[Stored entries]
"""
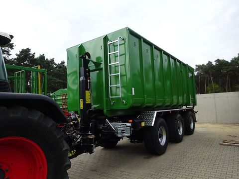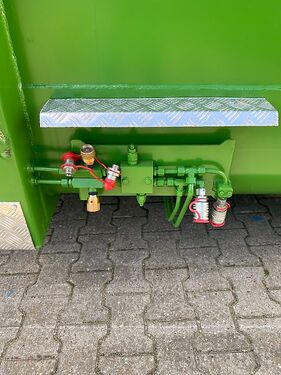 EURO-Jabelmann Container STE 6500/2300 mit Volumenklappe am Heck Inhalt ca 39 m³ mit Kornschieber z. B. für Pronar Containerfahrzeug T 286 / T 386 Aufnahmebeschläge für Hakensysteme nach DIN 30722-1 (15.000 kg) mit heckseitigen Außenrollen und Unterrahmen aus INP 180 Außenrollen abschmier- und wechselbar Aufnahmebügel Ø 50 mm , Hakenhöhe 1570 mm Bodenwanne aus 5 mm St 37.2 (S235JR) Seitenwände aus 3 mm St 37.2 (S235JR) Bodenwanne mit 250 mm Radius zur Seitenwand Abschlussprofil aus stabilem Rundrohr Ø 90 mm Spanten Abstand 750 mm Spanten Profil U 80 x 50 x 4 mm Behälterkorpus rundum durchgeschweißt Doppelflügeltür (Scharniere durch Schmiernippel abschmierbar), mit holl. Türverschluss und seitlichem Sicherheitszentralverschluss nach UVV Türverschluss mit Behältertür - Öffnungshilfe Umlaufend Plan- und Netzhaken Steigeisen nach UVV stirnseitig Behälter von innen einmal grundiert von außen doppelt grundiert und von außen doppelt einfarbig in RAL 6010 (Grasgrün) lackiert UVV-Aufkleber mit Sicherheitshinweisen Behälter geprüft und abgenommen nach BGR 186 Gewicht ca. 3095 kg Anlieferung gegen Mehrpreis möglich.Kontaktdaten:
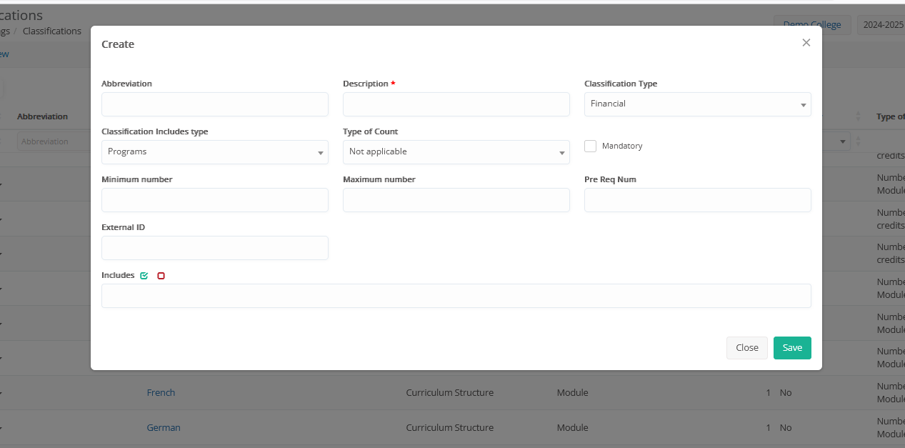- “Curriculum Structure” (used in Curricula for College mode. Usually, these classifications are not created from this screen, but through the curricula structure configuration.)
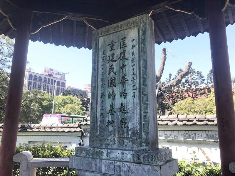 園內的碑亭裡頭,更有先總統蔣公1954年親題的碑文──「匡復中華的起點,重建民國的基地」。
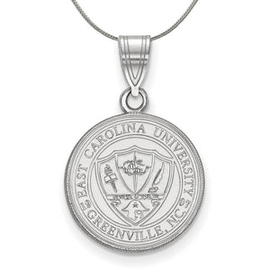 Sterling Silver East Carolina U Medium Crest Pendant Necklace
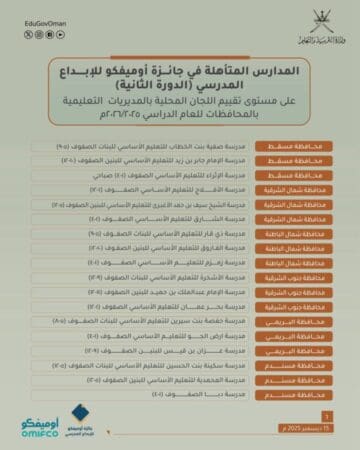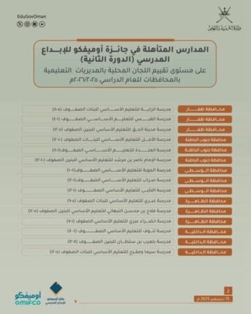 أعلنت وزارة التربية والتعليم عن المدارس المتأهلة في جائزة أوميفكو للإبداع المدرسي (الدورة الثانية) على مستوى تقييم اللجان المحلية بالمديريات التعليمية بالمحافظات للعام الدراسي ٢٠٢٦/٢٠٢٥م.
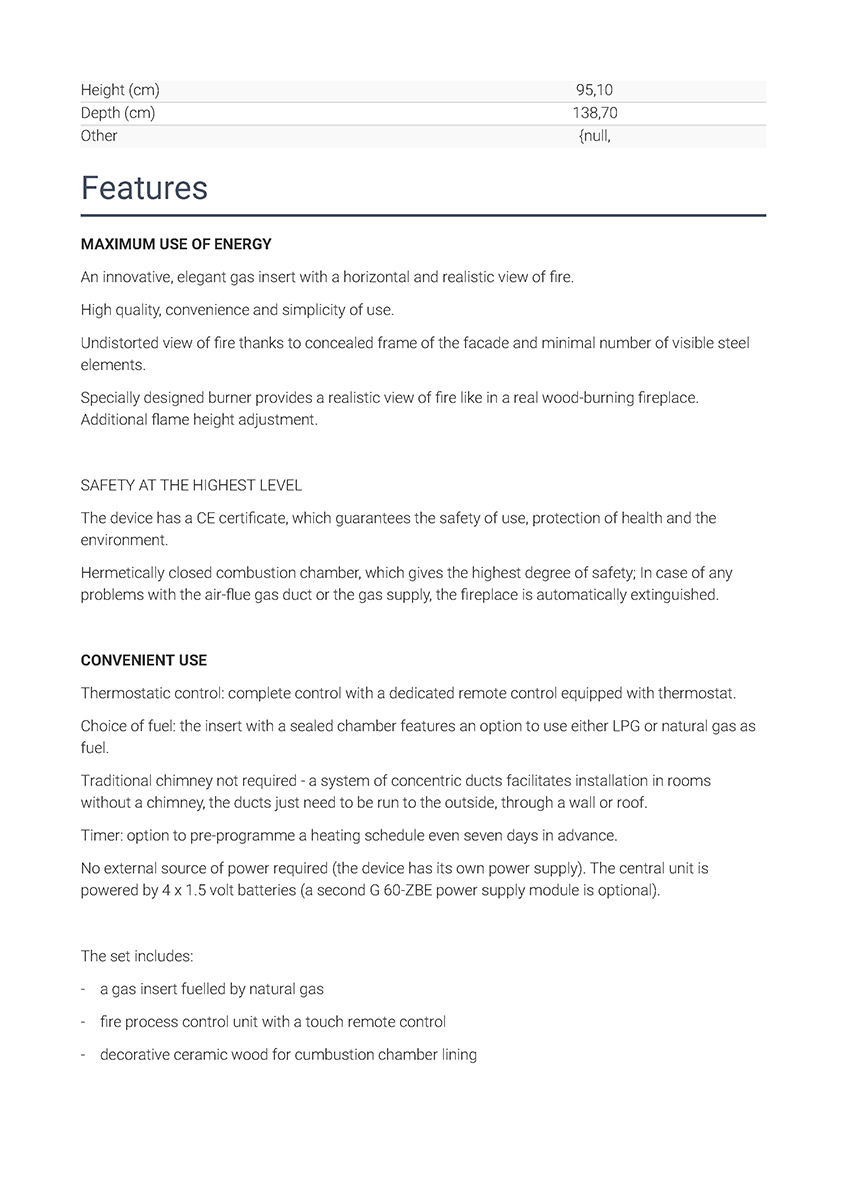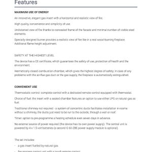 | Τύπος προϊόντος | Ενεργειακό τζάκι φυσικού αερίου |
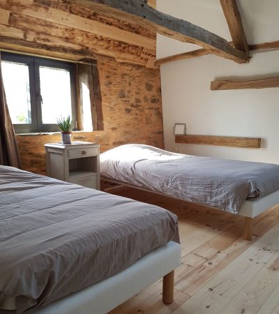 - L’hébergement en chambres partagées de 2 personnes, réparties sur 3 gîtes cosy (lits séparés; draps et serviettes de toilette fournis);
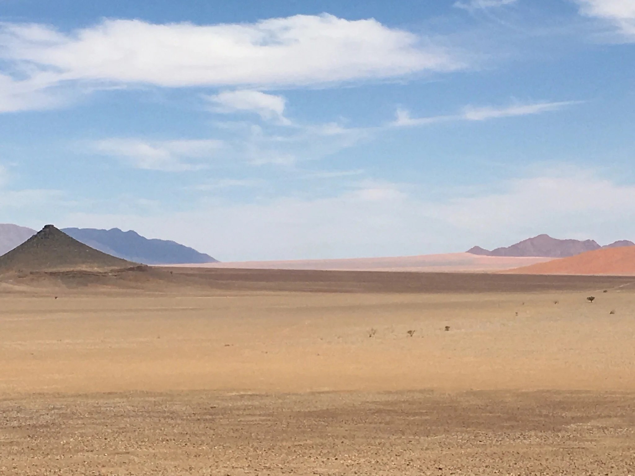 We spent about 5 hours in our 4×4 driven by our guide, not the kind of driving that can be done by someone not very experienced in navigating and safely traversing the vast expanse of sand seas. While the sand waves are the predominant feature there were occasional flatter portions of land with some scrub bushes and plants, particularly the !Nara plant which was the most important plant of the San as well as of many of the local peoples. The ! preceding the name indicates that it said with an initial click, a feature of many of the local languages which are filled with a variety of spoken clicks. Nara or Acanthosicyos horridus is an unusual melon that occurs only in Namibia. The nara plant is leafless, the modified stems and spines serve as the photosynthetic “organs” of the plant and the edible seeds are known locally as butterpips. The fruit serves as an essential food source and medicine for many people and animals from February to April and August to September. Because the plant is spiny many small animals shelter within its branches and the locals claim that any animal whose diet includes the plant is free from ticks and parasites. In these shrubby areas we saw oryx and some small jackals as well as ground squirrels and a very tiny gecko, completely transparent that lives in the sand with huge eyes without lids that the gecko must clean with his tongue. A really fascinating area.
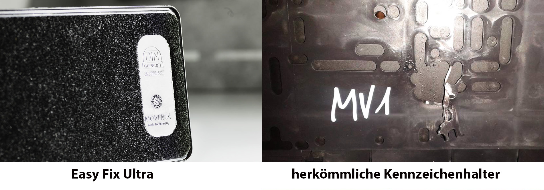 Die getesteten herkömmlichen Kennzeichenhalter der Firmen Würth, Utsch und Seitz konnten beim Test im Vergleich zum EASY FIX Ultra Klettsystem nicht überzeugen. Es kam unter anderem zum Ausriss an der Schraub-Befestigung des Rahmens (fahrzeugseitig), die Verschlussleiste hat sich teilweise gelöst und auch Verformungen des Kennzeichens traten auf. Zudem wurde die Demontagezeit der Kennzeichenhalterungen geprüft. Auch hier war das EASY FIX Ultra Klettsystem den herkömmlichen Kennzeichenhalterungen klar überlegen. Die Diebstahlsicherheit ist somit bis zu zehnmal höher als bei gewöhnlichen Kennzeichenhalterungen, wie die Testergebnisse des TÜV Süd beweisen.
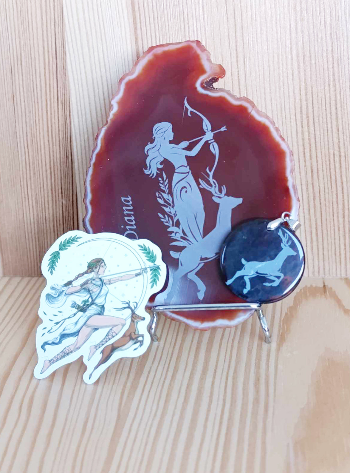 Nálepka s prírodným motívom: Pre dotvorenie celkového zážitku prináša táto sada aj nálepku so symbolmi bohyne Diany.
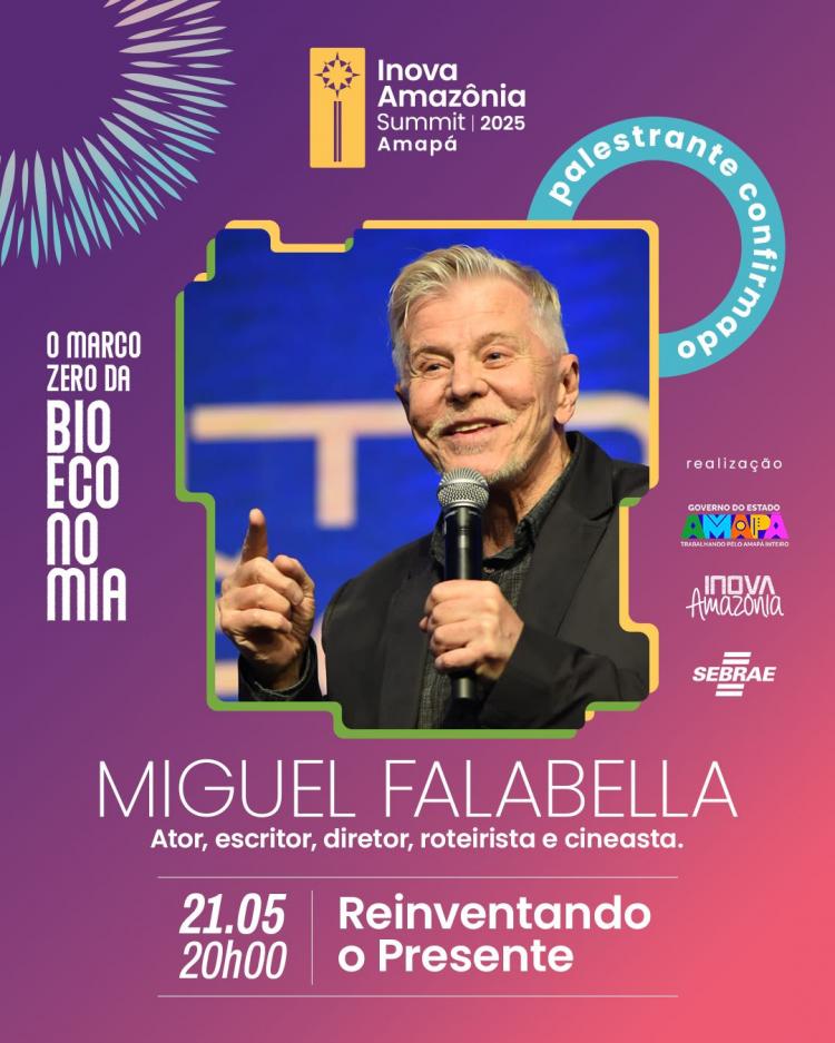 O ator Miguel Falabella, traz ao Inova Amazônia Summit a Palestra Magna Reinventando o Presente, que compõe a Trilha Liderança e Impacto. O ator conectará arte, criatividade e inovação, com o propósito de inspirar novas ideias e olhares sobre o futuro da Amazônia. Miguel Falabella encerra o primeiro dia de evento com a palestra que acontece no Salão de Eventos Macapá, na quarta-feira, 21 de maio, às 20h.
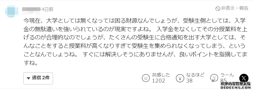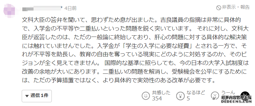 1:目前大学没有入学金的话财政会很困难,但站在考生的角度入学金的支出无疑是浪费的,如果取缔入学金,那学费理所当然就要上涨,学费太高的话也难招到学生,这个问题虽然一时半会儿也解决不了,但是的确是个好议题! ![]() 2:还是取消入学金重复支付比较靠谱,因为入学金已经是约定俗成的事了,以前别说入学金了,连学费都要一起缴纳并且不退费。作为考生只能报考一所志愿校,这种风险很大但是却别无选择。成绩非常优秀的话学校也可以随便选,走推荐入学是更好的做法。不入学的学生的入学金在某种意义上就像保险一样,是宝贵的收入来源,考试费报名费也是如此。如果要完全取缔这些费用那就变化太大了,不仅是大学、专门学校也是这样。 ![]() 3:听了文科大臣的答辩,不由得叹了口气。 吉良议员的指摘非常具体,严厉抨击了入学金不平等和双重支付等问题。 对此,文科大臣的回答,始终只是一般的看法,没有涉及到对关键问题的具体解决方案。入学金被认为是“学生入学所需的经费”,但这助长了不平等,剥夺了教育自由,这些问题如何解决,这个文部大臣完全没有远见。 即使按照国际标准,现在的日本大学入学考试制度也有很大的改善空间。 为了解决双重支付的问题,使报考机会公平,不仅仅是预算措施,还需要更具体、更有实效的改革。 ![]() 对此,大家有什么看法呢?希望以后能有更多议员提出这个问题,也许真能有一天日本能想出好的解决办法,让大家少花冤枉钱! ![]()
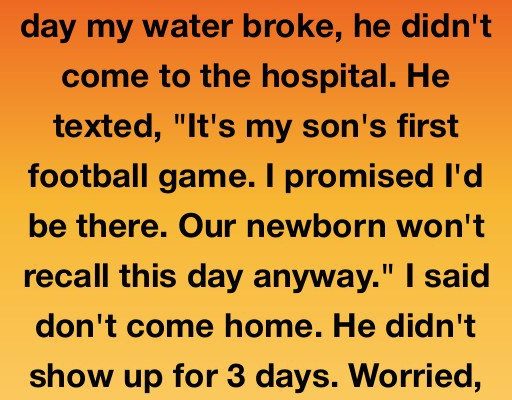 I was pregnant with my first child, my husband has three. The day my water broke, he didn’t come to the hospital. He texted, “It’s my son’s first football game.I …
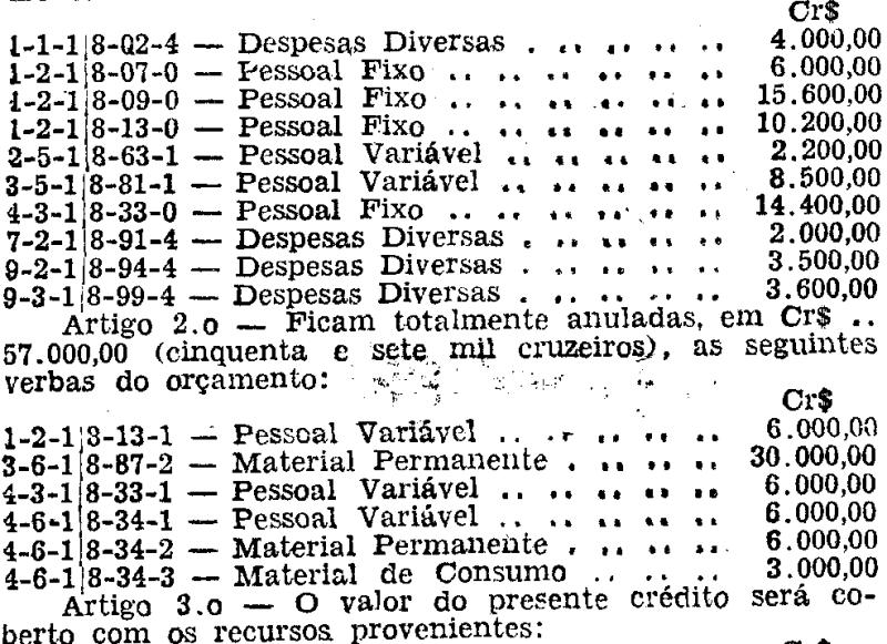 crédito suplementar de Cr$ 70.000,00, na Prefeitura da
"""
Using the data above, return the lines from the one holding "curricula structure configuration.)" through the one holding "- L’hébergement en" exactly, but not the pictures.

Your response:
- “Curriculum Structure” (used in Curricula for College mode. Usually, these classifications are not created from this screen, but through the curricula structure configuration.)
 園內的碑亭裡頭,更有先總統蔣公1954年親題的碑文──「匡復中華的起點,重建民國的基地」。
 Sterling Silver East Carolina U Medium Crest Pendant Necklace
 أعلنت وزارة التربية والتعليم عن المدارس المتأهلة في جائزة أوميفكو للإبداع المدرسي (الدورة الثانية) على مستوى تقييم اللجان المحلية بالمديريات التعليمية بالمحافظات للعام الدراسي ٢٠٢٦/٢٠٢٥م.
 | Τύπος προϊόντος | Ενεργειακό τζάκι φυσικού αερίου |
 - L’hébergement en chambres partagées de 2 personnes, réparties sur 3 gîtes cosy (lits séparés; draps et serviettes de toilette fournis);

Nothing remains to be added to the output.